The U.S. has adamantly denied any involvement with the riots. “The allegation that the United States is helping to organize protesters in Venezuela is baseless and false,” said U.S. State Department spokeswoman Jen Psaki. “We support human rights and fundamental freedoms in Venezuela as we do in countries around the world.”

Carl Meacham, director of the Americas Program at the Center for Strategic and International Studies, said Maduro is just using the U.S. as a scapegoat — a sign of desperation.
“He’s accused the United States of being the puppet master and controlling what the opposition is doing,” he told NPR. “He’s desperate to redirect attention away from the troubles that he’s having in Venezuela: with the opposition, with constant protests and with some questions that are starting to come up within his own coalition about his ability to really perform as a strong leader”.

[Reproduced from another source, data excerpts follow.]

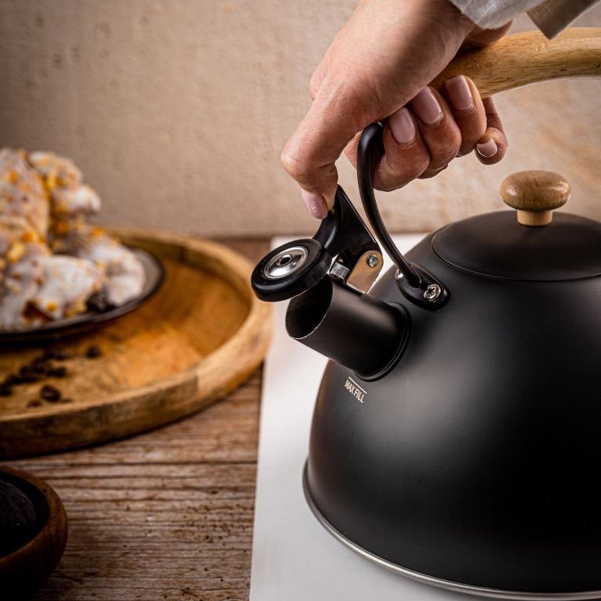 De ketel is gemaakt van hoogwaardig roestvrij staal, wat duurzaamheid en langdurig gebruik garandeert. De natuurlijke houten handgreep blijft comfortabel aanvoelen en is ontworpen om warmteoverdracht te minimaliseren. Het fluitsignaal klinkt luid en duidelijk zodra het water kookt, terwijl de schenktuit eenvoudig kan worden geopend via de geïntegreerde hendel aan de tuit.
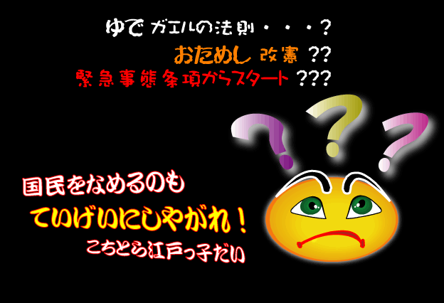 ナチス・ヒトラーが、1933年3月、行政府( 内閣 )に立法権などを与えた全権委任法によって、国民の知らないまま憲法を変えて、独裁国家をつくった歴史が思い浮かぶ。当時もっとも民主的と言われたワイマール憲法が停止させられ、ナチス・ヒトラーが権力を握った。
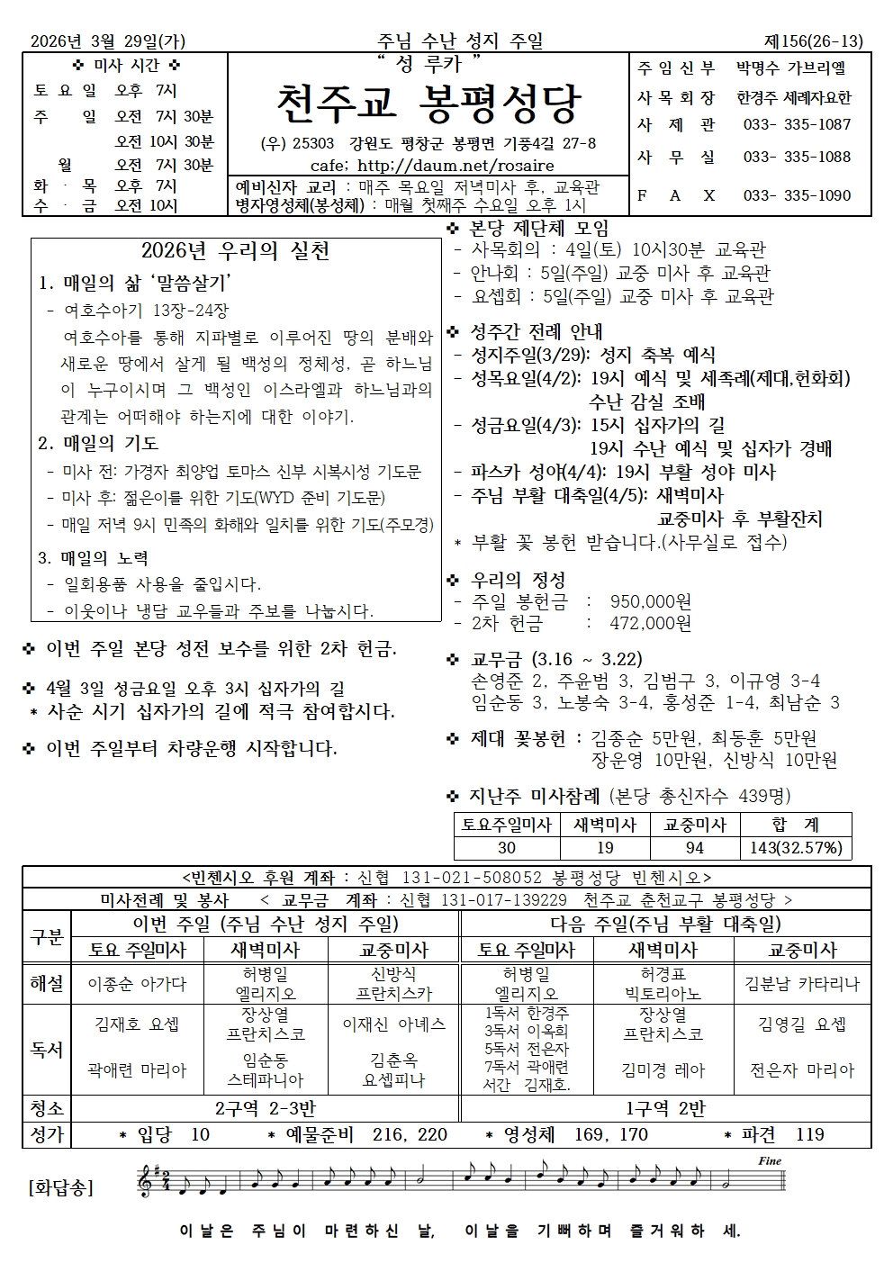 봉평-2026년 3월 29일 주님 수난 성지 주일
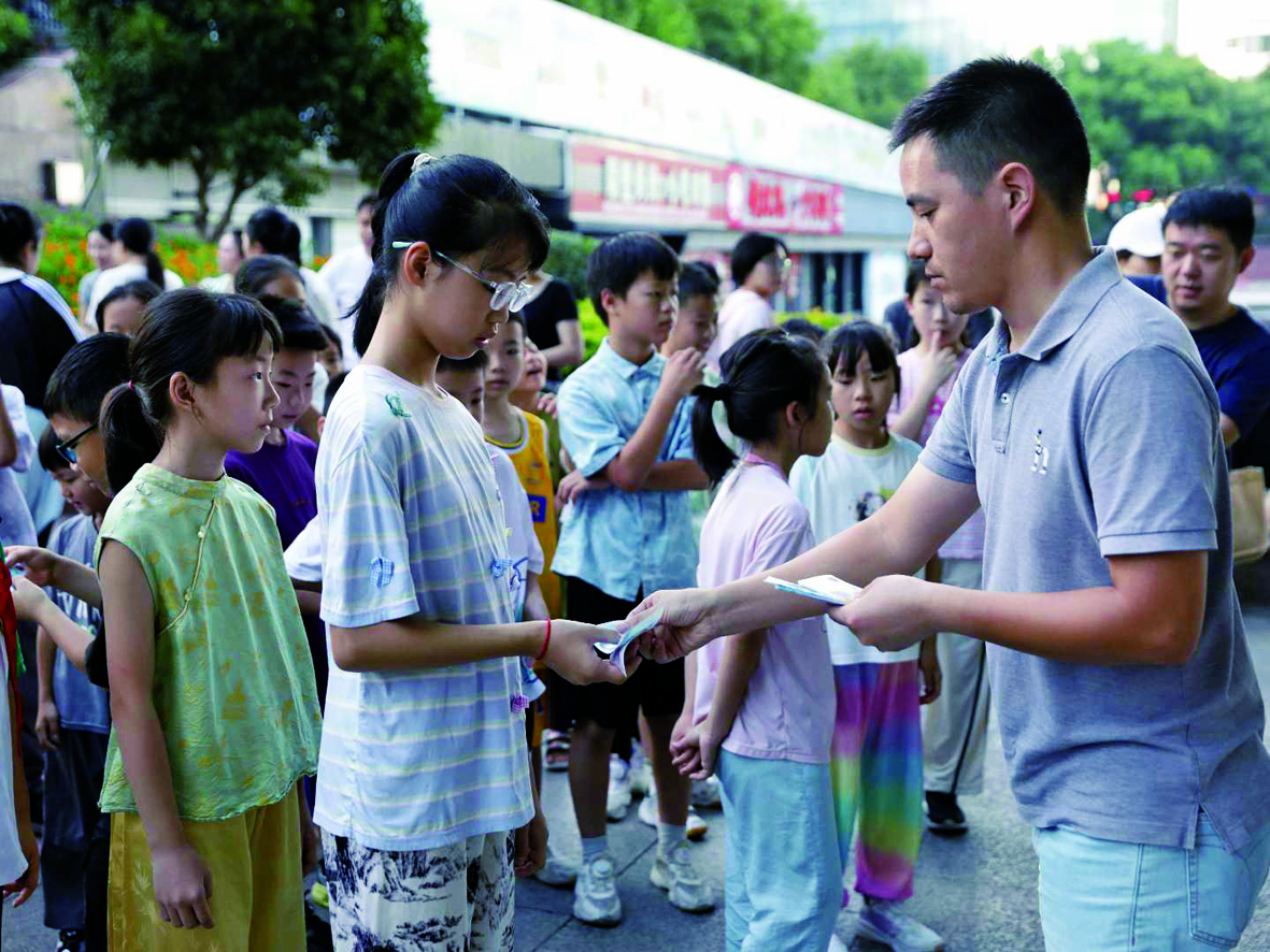 7月19日凌晨4点40分,虞众文来到市区人民广场。他组织的2025年暑假第五期公益性职业体验活动在这里举行,近100个孩子报名参加。签到、穿上统一的红马甲、领工具……孩子们当起小小环卫工,分区域忙碌起来,现场一派热火朝天的景象。

In reality, though, the country that has the biggest influence in Venezuela today may not be the United States. China and Cuba have the most clout with the government in Caracas, and both support Maduro. The regional heavyweights closest to the action, Brazil and Colombia, do not look very keen on getting involved. That leaves Washington in a difficult situation with Venezuela, where suspicion about its motives always runs high. Harold Trinkunas, director of the Latin America initiative at the Brookings Institution, summed it up by saying that “almost anything the U.S. says and does will be used against it.” Relations between the two countries, he added, are just too toxic.